Information shown.
* * * *
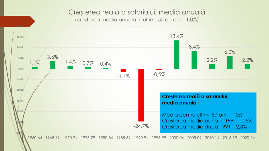 Referitor la creșterea reală a salariilor, media anuală, a afirmat că în perioada 1960/1964 a fost de +1%; 1965/1969 – +3,6%; 1970/1974 – +1,4%; 1975/1979 – +0,7%; 1980/1984 – +0,4%; 1985/1989 – minus 1,4%; 1990/1994 – minus 24,7%; 1995/1999 – minus 0,5%; 2000/2004 – +13,4%; 2005/2009 – +8,4%; 2010/2014 – +2,2%; 2015/2019 – +6%; 2020/2024 – +2,2%. „În ultimii 50 de ani, veniturile reale ale populației au crescut anual cu 1,0%. Până la obținerea independenței în 1991, veniturile reale au crescut în mediu cu 0,5% anual. După 1991 au crescut cu 2,3% anual. Veniturile reale ale populației după independență au crescut mai rapid decât până la independență”, a afirmat economistul.
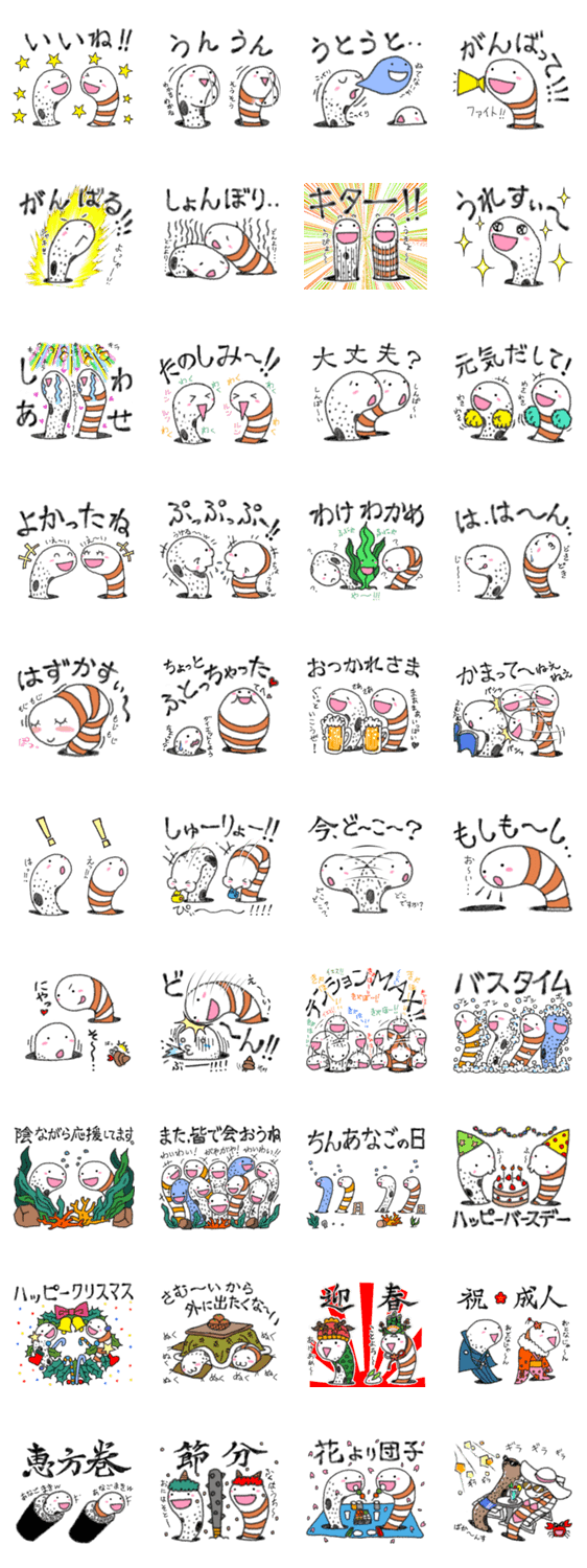 珍アナゴの癒されるキャラがかわいい、日常すぐ使える会話や季節もののスタンプ第2弾です。
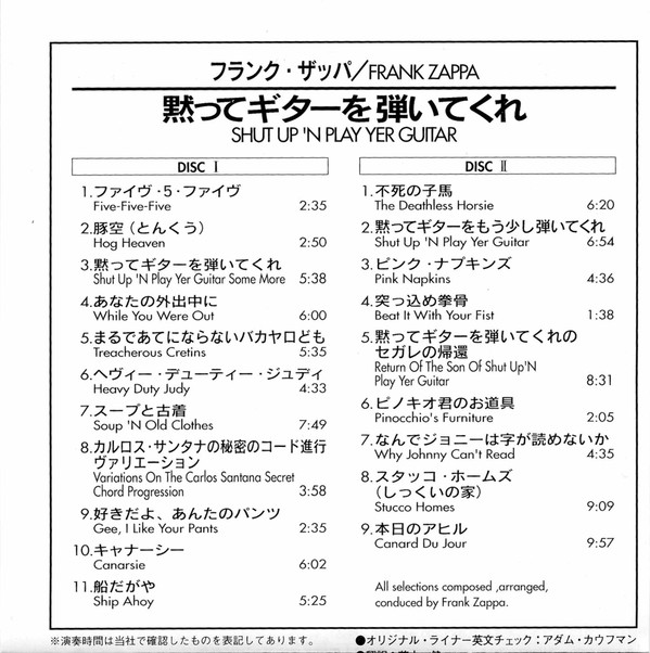 Frank Zappa – Shut Up 'n Play Yer Guitar
* * * *
Task prompt. Could you return the whole listing exactly, images excluded?

Result of the exercise.
 Referitor la creșterea reală a salariilor, media anuală, a afirmat că în perioada 1960/1964 a fost de +1%; 1965/1969 – +3,6%; 1970/1974 – +1,4%; 1975/1979 – +0,7%; 1980/1984 – +0,4%; 1985/1989 – minus 1,4%; 1990/1994 – minus 24,7%; 1995/1999 – minus 0,5%; 2000/2004 – +13,4%; 2005/2009 – +8,4%; 2010/2014 – +2,2%; 2015/2019 – +6%; 2020/2024 – +2,2%. „În ultimii 50 de ani, veniturile reale ale populației au crescut anual cu 1,0%. Până la obținerea independenței în 1991, veniturile reale au crescut în mediu cu 0,5% anual. După 1991 au crescut cu 2,3% anual. Veniturile reale ale populației după independență au crescut mai rapid decât până la independență”, a afirmat economistul.
 珍アナゴの癒されるキャラがかわいい、日常すぐ使える会話や季節もののスタンプ第2弾です。
 Frank Zappa – Shut Up 'n Play Yer Guitar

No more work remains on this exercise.